Thanks, Dan Patterson‌. If anyone at Esri is listening, I really like how seamless it is to go from ArcGIS to Pandas, now we're just missing the round trip functionality. I know we can save as, i.e.: export, but I'd like to just save back to the original feature class. This would be especially helpful, since numpy doesn't handle NULL values.

Just to add some closure, here is the code I used.

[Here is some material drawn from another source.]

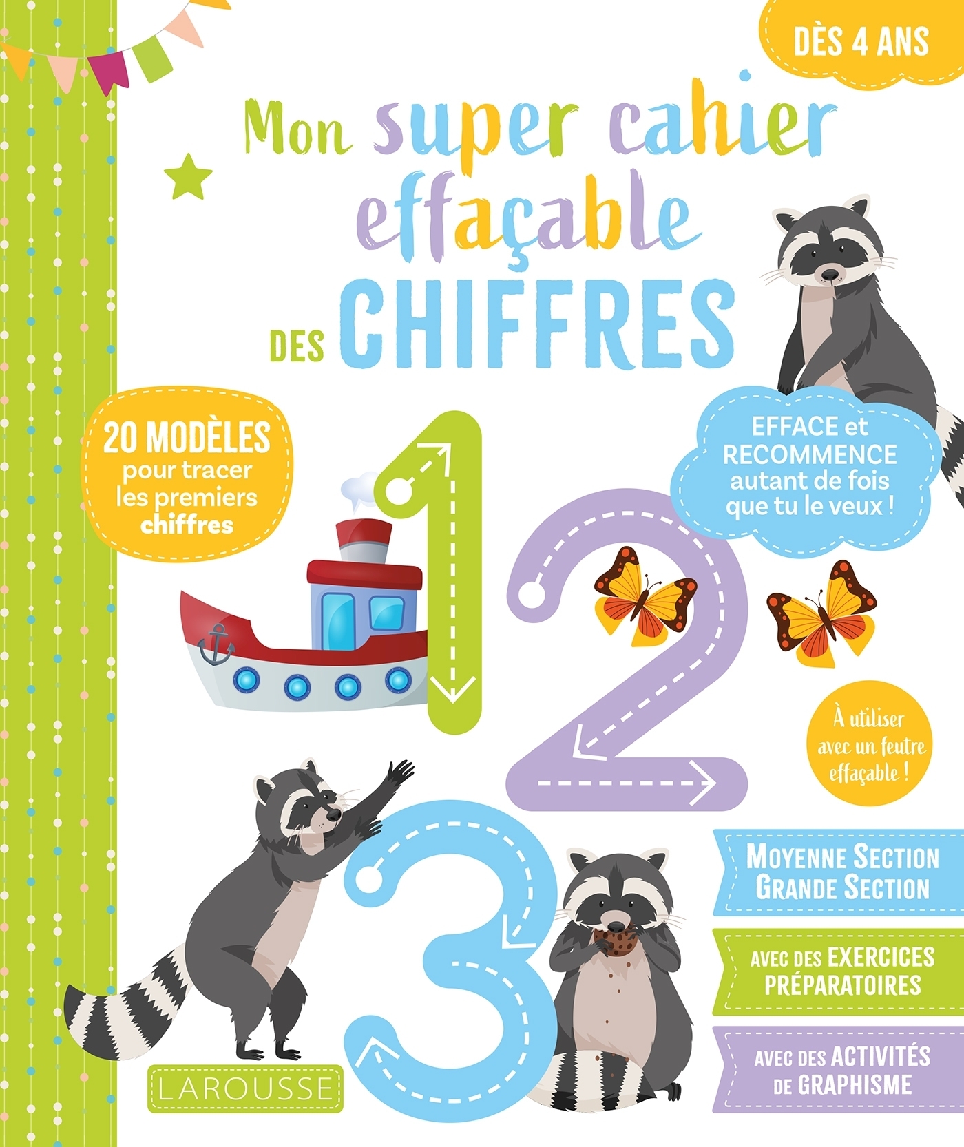 Titre de l'œuvre Mon super cahier effaçable - Chiffres - De la Moyenne section à la Grande section 4-5 ans

Assumes you have a spatially enabled dataframe named 'sdf3'
I stripped out all the fields except 'GEOID', which is a unique identifier, and the new fields I created. As Dan noted, the OBJECTID will work for this if you don't have a unique field.

import numpy as np
numpy_array = np.array(np.rec.fromrecords(sdf3.values))
names = sdf3.dtypes.index.tolist()
numpy_array.dtype.names = tuple(names)
arcpy.da.ExtendTable(<feature_class>, 'GEOID', numpy_array, 'GEOID', 
                     append_only=False)‍‍‍‍‍‍‍‍‍‍‍‍

DanPatterson_Retired · ‎05-06-2020

David... to give you some ideas on how I handle nulls.

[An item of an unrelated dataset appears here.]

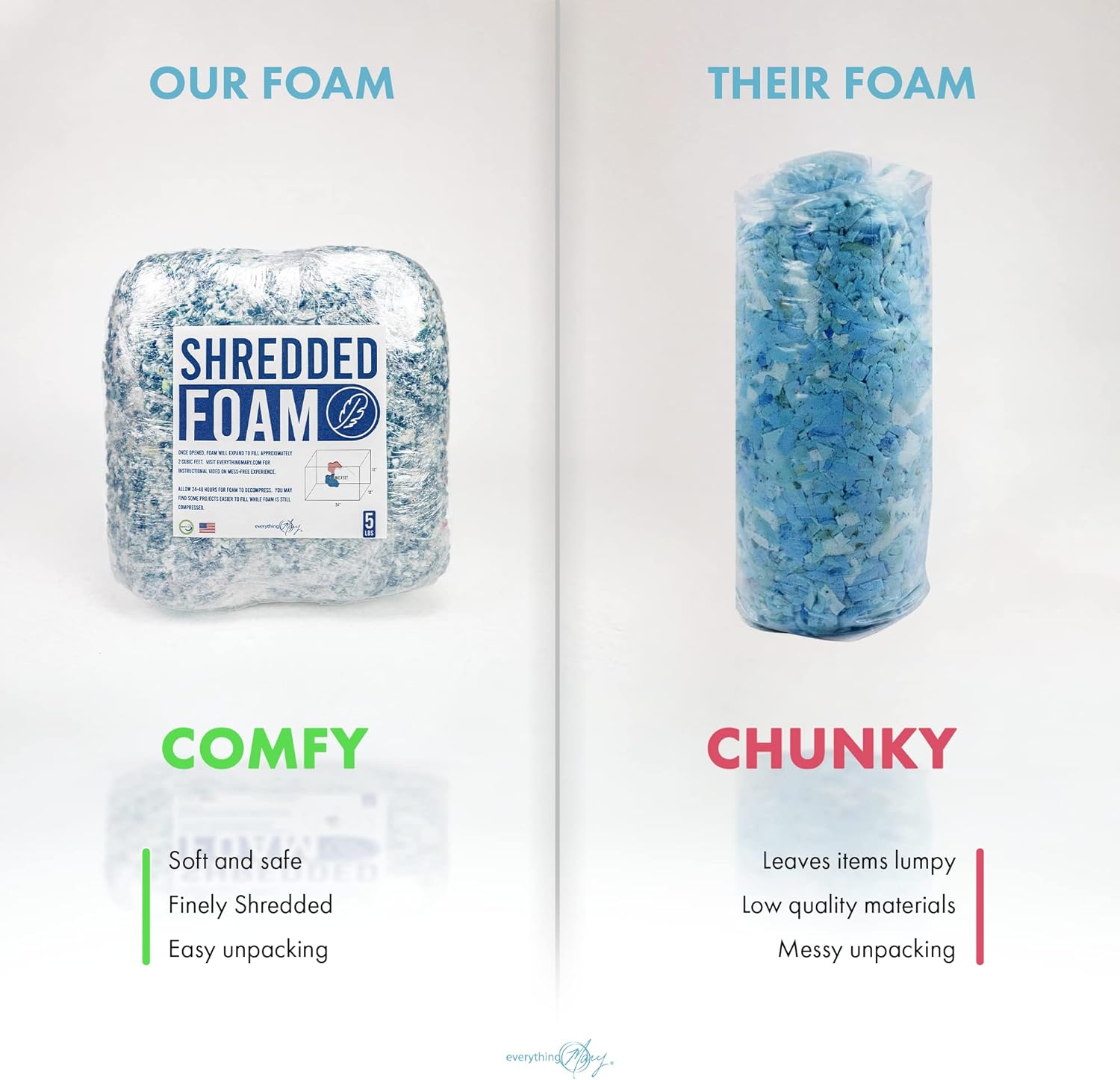 Everything Mary Shredded Memory Foam 5lbs – for Bean Bag, Pillows, Dog Bed, & Stuffed Animals – CertiPUR-US Certified Safety & Durability

For float/double np.nan is fine. For string, None. For time, np.NaT

Sadly, no one can agree on nulls for integers (eg. there is no np.nint )

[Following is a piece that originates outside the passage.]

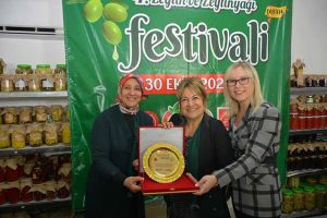 Yemek konusunda uzman isim Sahrap Soysal, Altınözü Zeytin ve Zeytinyağı Festivali’ne katılmak üzere geçtiğimiz hafta sonu ilimize geldi. Cuma günkü festival açılışına protokol ile birlikte katılan ünlü yemek uzmanı Sahrap Soysal’a, festivale renk katması dolayısıyla Altınözü Kaymakamlığı ve Altınözü Belediyesi plaket verdi, zeytin ile zeytinyağı hediye etti.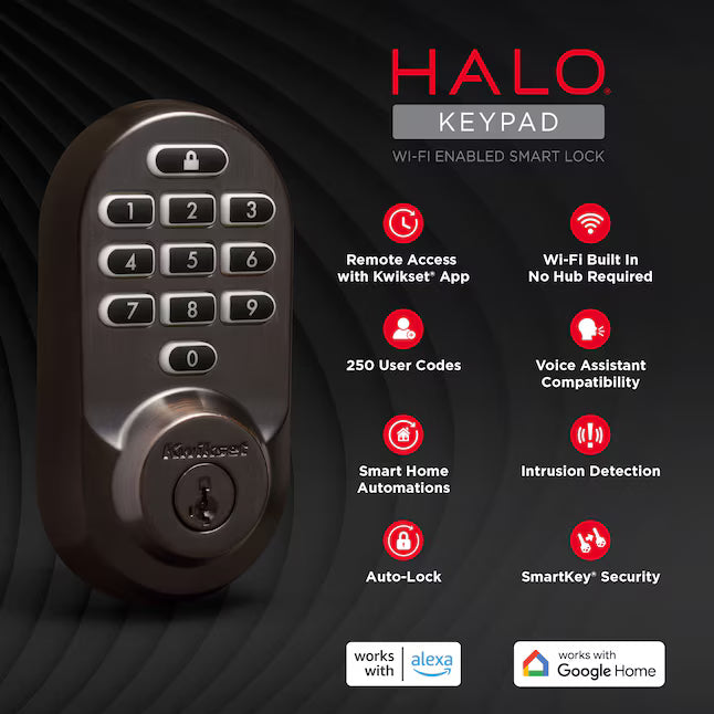Kwikset Halo Keypad Venetian Bronze Smart Wi-Fi and Keypad Electronic Deadbolt Lock ft. SmartKey Security

# Change FC <null> to a useful nodata value
def make_nulls(in_fc, include_oid=True, int_null=-999):
    """Return null values for a list of fields objects.

    This excludes objectid and geometry related fields.
    Throw in whatever else you want.

    Parameters
    ----------
    in_fc : featureclass or featureclass table
        Uses arcpy.ListFields to get a list of featureclass/table fields.
    int_null : integer
        A default to use for integer nulls since there is no ``nan`` equivalent
        Other options include

    >>> np.iinfo(np.int32).min # -2147483648
    >>> np.iinfo(np.int16).min # -32768
    >>> np.iinfo(np.int8).min  # -128

    >>> [i for i in cur.__iter__()]
    >>> [[j if j else -999 for j in i] for i in cur.__iter__() ]
    """
    nulls = {'Double': np.nan, 'Single': np.nan, 'Float': np.nan,
             'Short': int_null, 'SmallInteger': int_null, 'Long': int_null,
             'Integer': int_null, 'String': str(None), 'Text': str(None),
             'Date': np.datetime64('NaT'), 'Geometry': np.nan}
    #
    desc = Describe(in_fc)
    if desc['dataType'] not in ('FeatureClass', 'Table'):
        print("Only Featureclasses and tables are supported")
        return None, None
    in_flds = desc['fields']
    good = [f for f in in_flds if f.editable and f.type != 'Geometry']
    fld_dict = {f.name: f.type for f in good}
    fld_names = list(fld_dict.keys())
    null_dict = {f: nulls[fld_dict[f]] for f in fld_names}
    # ---- insert the OBJECTID field
    if include_oid and desc['hasOID']:
        oid_name = 'OID@'  # desc['OIDFieldName']
        oi = {oid_name: -999}
        null_dict = dict(list(oi.items()) + list(null_dict.items()))
        fld_names.insert(0, oid_name)
    return null_dict, fld_names‍‍‍‍‍‍‍‍‍‍‍‍‍‍‍‍‍‍‍‍‍‍‍‍‍‍‍‍‍‍‍‍‍‍‍‍‍‍‍‍‍‍‍

davedoesgis · ‎05-07-2020

Dan Patterson‌ - The reason I'm doing this via Pandas is that the field calculator's code block is pretty unwieldy for complex calculations. But even for simple things, the field calculator can be really slow. I don't have so much experience with the update cursor, but my general impression is that it's slow, too. Granted, it's file-based data, but even with indexing, it takes at least 100x what I would expect a SQL database to do the same non-spatial field calculations.

I'm seeing decent performance on exporting to Pandas and processing the data, but ExtendTable can be super slow to get the results back into ArcGIS.

Have you ever compared the speed of the field calculator or an update cursor to a round trip from ArcGIS to numpy/pandas?